§ **Assigned task**
Print exactly the lines below between the line holding "Five brilliant-cut round" and the line holding "Meteoroloji Genel Müdürlüğü, 33", inclusive, and nothing more.

§ **Data excerpts**
»»

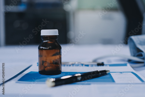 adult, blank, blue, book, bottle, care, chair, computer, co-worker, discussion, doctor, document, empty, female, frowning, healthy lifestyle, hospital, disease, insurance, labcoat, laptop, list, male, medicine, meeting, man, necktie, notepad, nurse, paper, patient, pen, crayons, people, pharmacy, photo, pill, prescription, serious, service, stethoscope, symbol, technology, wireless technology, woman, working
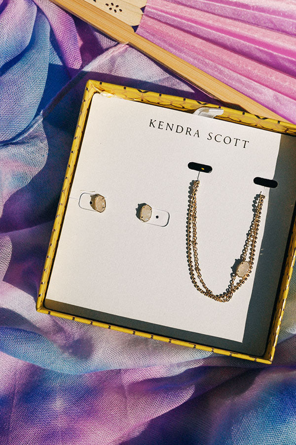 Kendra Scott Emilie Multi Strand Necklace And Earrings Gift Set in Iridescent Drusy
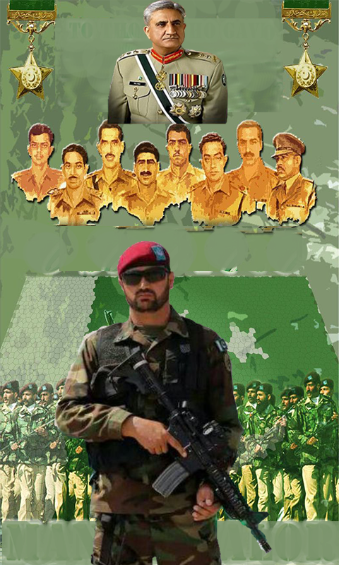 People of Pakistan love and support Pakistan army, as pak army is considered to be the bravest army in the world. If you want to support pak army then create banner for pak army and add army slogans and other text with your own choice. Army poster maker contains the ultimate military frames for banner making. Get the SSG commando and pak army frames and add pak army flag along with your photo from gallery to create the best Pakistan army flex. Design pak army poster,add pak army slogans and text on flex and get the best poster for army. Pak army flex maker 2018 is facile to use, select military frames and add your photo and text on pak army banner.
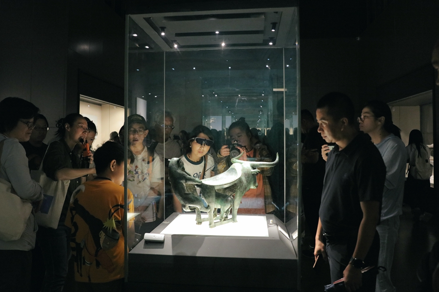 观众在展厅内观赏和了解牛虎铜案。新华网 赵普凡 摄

««
»»

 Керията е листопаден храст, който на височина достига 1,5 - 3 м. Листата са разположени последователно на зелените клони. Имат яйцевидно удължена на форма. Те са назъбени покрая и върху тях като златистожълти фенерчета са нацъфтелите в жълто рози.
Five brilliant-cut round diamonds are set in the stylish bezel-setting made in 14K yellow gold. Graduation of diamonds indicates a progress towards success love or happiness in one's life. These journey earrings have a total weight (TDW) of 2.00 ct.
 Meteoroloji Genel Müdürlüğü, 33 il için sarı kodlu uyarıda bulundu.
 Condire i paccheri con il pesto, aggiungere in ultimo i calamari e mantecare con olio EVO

««

§ **Result for this task**
Five brilliant-cut round diamonds are set in the stylish bezel-setting made in 14K yellow gold. Graduation of diamonds indicates a progress towards success love or happiness in one's life. These journey earrings have a total weight (TDW) of 2.00 ct.
 Meteoroloji Genel Müdürlüğü, 33 il için sarı kodlu uyarıda bulundu.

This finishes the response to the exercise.